Data entries:
*** Begin section ***

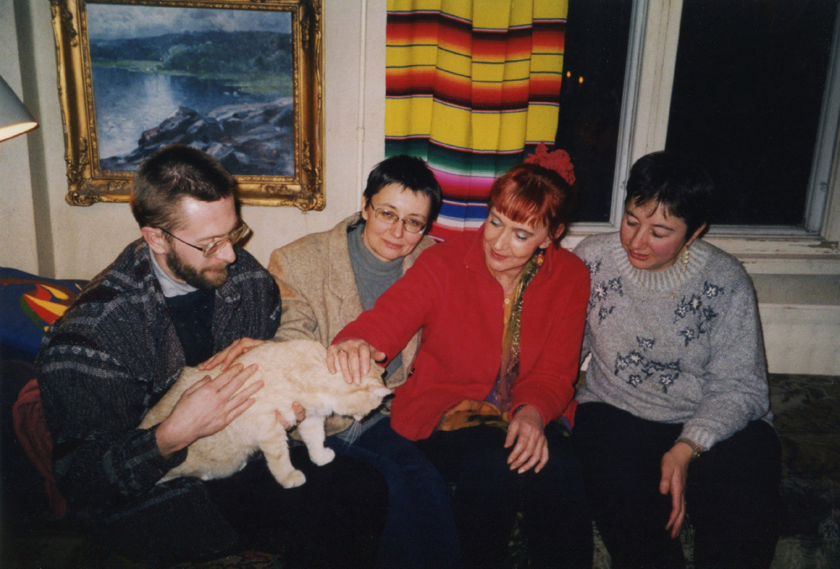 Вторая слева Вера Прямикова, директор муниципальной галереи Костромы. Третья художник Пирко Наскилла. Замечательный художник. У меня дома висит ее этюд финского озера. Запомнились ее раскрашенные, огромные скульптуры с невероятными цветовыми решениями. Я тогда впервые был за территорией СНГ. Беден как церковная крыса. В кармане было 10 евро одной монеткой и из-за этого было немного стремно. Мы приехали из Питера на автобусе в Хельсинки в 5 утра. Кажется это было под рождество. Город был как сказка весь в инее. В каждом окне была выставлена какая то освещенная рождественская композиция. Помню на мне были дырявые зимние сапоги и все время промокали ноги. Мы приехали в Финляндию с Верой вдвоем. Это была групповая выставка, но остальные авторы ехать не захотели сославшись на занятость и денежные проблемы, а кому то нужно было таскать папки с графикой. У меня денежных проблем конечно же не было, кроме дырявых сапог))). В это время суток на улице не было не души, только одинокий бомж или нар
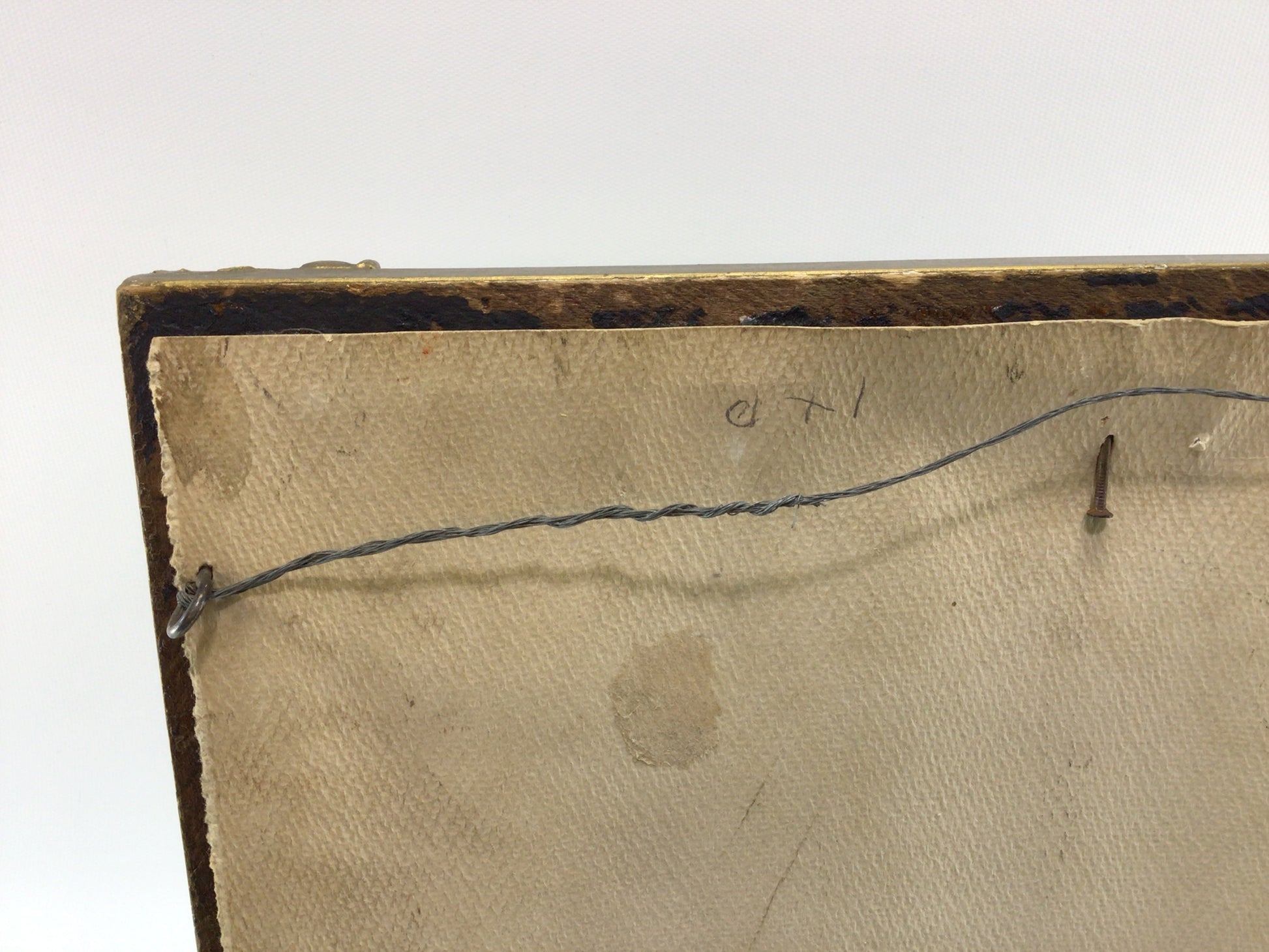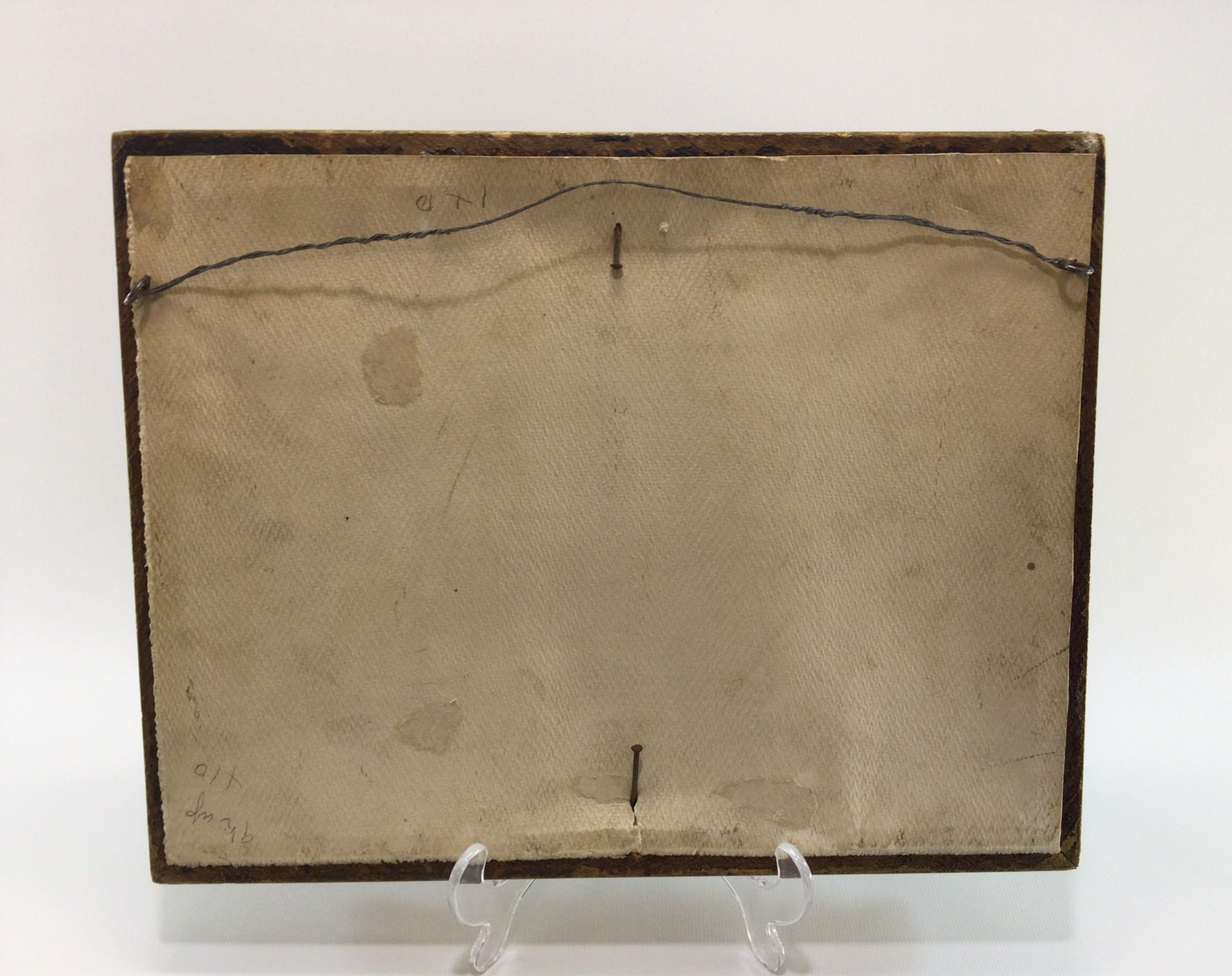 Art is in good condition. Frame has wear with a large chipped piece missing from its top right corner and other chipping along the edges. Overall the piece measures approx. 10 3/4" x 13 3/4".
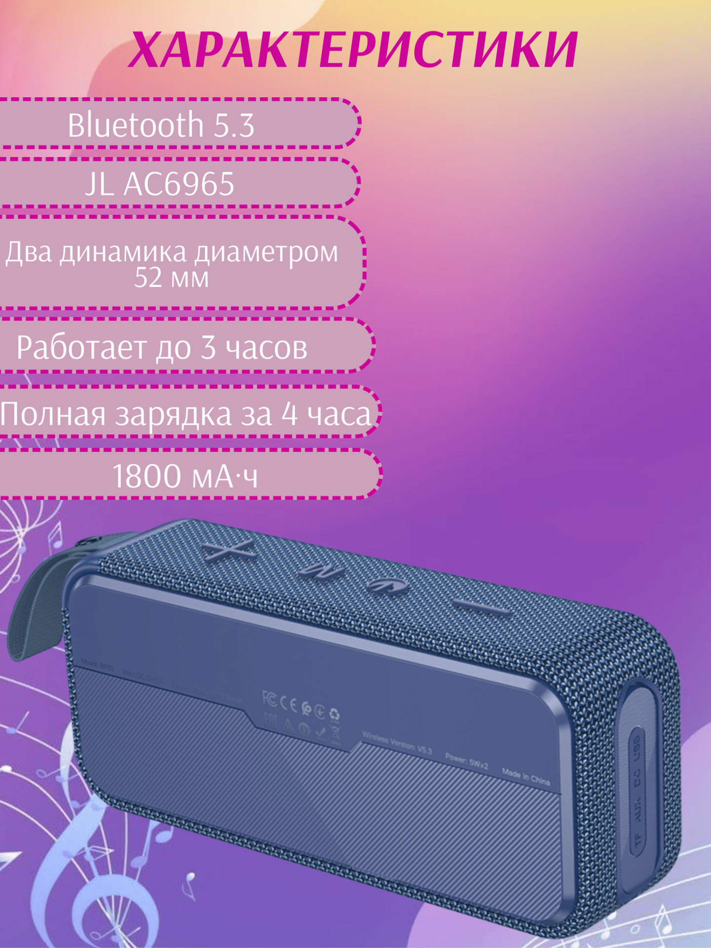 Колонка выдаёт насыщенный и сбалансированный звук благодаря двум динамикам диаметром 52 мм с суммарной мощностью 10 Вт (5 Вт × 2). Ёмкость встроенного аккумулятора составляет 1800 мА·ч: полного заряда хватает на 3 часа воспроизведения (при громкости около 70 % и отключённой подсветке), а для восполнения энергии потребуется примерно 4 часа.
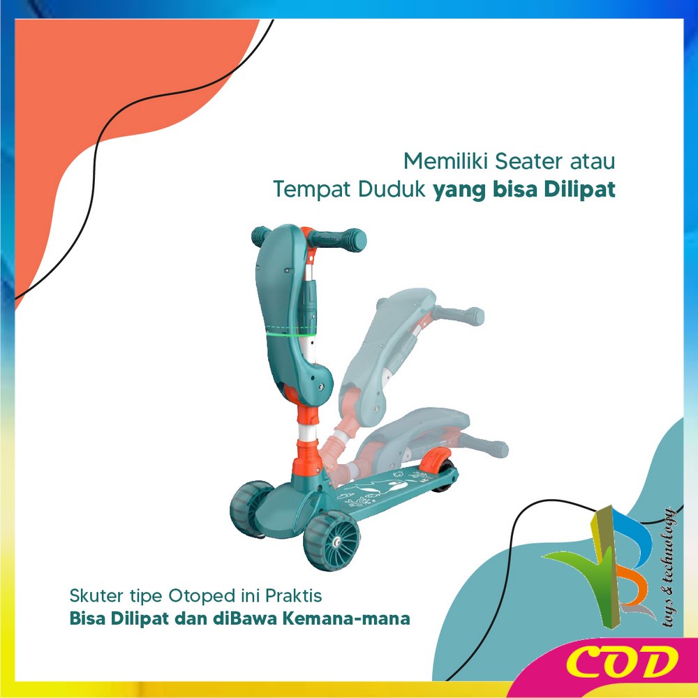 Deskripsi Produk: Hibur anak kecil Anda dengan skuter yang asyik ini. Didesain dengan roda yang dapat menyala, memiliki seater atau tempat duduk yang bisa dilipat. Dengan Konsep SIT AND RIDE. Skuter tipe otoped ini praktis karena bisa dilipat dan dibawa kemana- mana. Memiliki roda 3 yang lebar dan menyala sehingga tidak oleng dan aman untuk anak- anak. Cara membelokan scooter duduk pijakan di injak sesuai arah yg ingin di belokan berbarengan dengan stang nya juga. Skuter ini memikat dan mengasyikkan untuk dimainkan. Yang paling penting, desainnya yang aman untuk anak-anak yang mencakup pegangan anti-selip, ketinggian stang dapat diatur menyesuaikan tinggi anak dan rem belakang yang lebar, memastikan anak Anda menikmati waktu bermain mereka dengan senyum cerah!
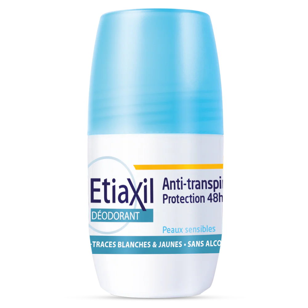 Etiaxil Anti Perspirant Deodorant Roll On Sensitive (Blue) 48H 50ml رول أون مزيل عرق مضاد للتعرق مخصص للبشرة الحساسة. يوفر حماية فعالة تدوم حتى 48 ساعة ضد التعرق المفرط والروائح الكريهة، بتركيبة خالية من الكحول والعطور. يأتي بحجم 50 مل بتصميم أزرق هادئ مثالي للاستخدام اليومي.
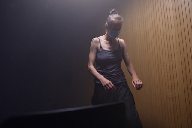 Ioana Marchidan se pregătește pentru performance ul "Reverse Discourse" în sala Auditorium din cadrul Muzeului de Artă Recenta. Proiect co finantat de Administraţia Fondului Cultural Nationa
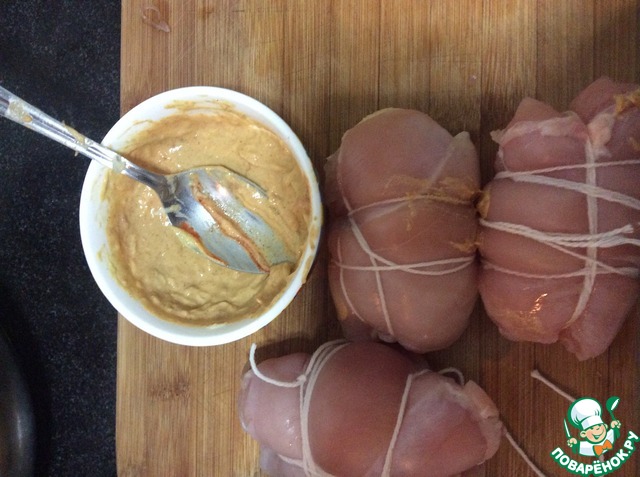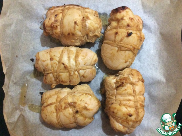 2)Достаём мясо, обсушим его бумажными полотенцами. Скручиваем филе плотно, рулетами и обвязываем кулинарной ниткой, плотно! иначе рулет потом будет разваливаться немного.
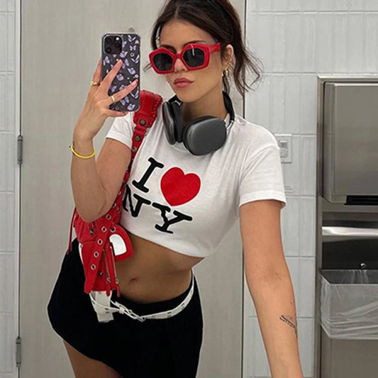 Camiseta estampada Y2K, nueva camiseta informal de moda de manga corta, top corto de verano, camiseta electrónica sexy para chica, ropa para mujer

*** End section ***

AIM OF THE TASK: Beginning with the line above that has "Art is in good" and going on through the line that has "Etiaxil Anti Perspirant", retype every line exactly and add nothing else; drop the pictures.

THE COMPLETED TASK:
 Art is in good condition. Frame has wear with a large chipped piece missing from its top right corner and other chipping along the edges. Overall the piece measures approx. 10 3/4" x 13 3/4".
 Колонка выдаёт насыщенный и сбалансированный звук благодаря двум динамикам диаметром 52 мм с суммарной мощностью 10 Вт (5 Вт × 2). Ёмкость встроенного аккумулятора составляет 1800 мА·ч: полного заряда хватает на 3 часа воспроизведения (при громкости около 70 % и отключённой подсветке), а для восполнения энергии потребуется примерно 4 часа.
 Deskripsi Produk: Hibur anak kecil Anda dengan skuter yang asyik ini. Didesain dengan roda yang dapat menyala, memiliki seater atau tempat duduk yang bisa dilipat. Dengan Konsep SIT AND RIDE. Skuter tipe otoped ini praktis karena bisa dilipat dan dibawa kemana- mana. Memiliki roda 3 yang lebar dan menyala sehingga tidak oleng dan aman untuk anak- anak. Cara membelokan scooter duduk pijakan di injak sesuai arah yg ingin di belokan berbarengan dengan stang nya juga. Skuter ini memikat dan mengasyikkan untuk dimainkan. Yang paling penting, desainnya yang aman untuk anak-anak yang mencakup pegangan anti-selip, ketinggian stang dapat diatur menyesuaikan tinggi anak dan rem belakang yang lebar, memastikan anak Anda menikmati waktu bermain mereka dengan senyum cerah!
 Etiaxil Anti Perspirant Deodorant Roll On Sensitive (Blue) 48H 50ml رول أون مزيل عرق مضاد للتعرق مخصص للبشرة الحساسة. يوفر حماية فعالة تدوم حتى 48 ساعة ضد التعرق المفرط والروائح الكريهة، بتركيبة خالية من الكحول والعطور. يأتي بحجم 50 مل بتصميم أزرق هادئ مثالي للاستخدام اليومي.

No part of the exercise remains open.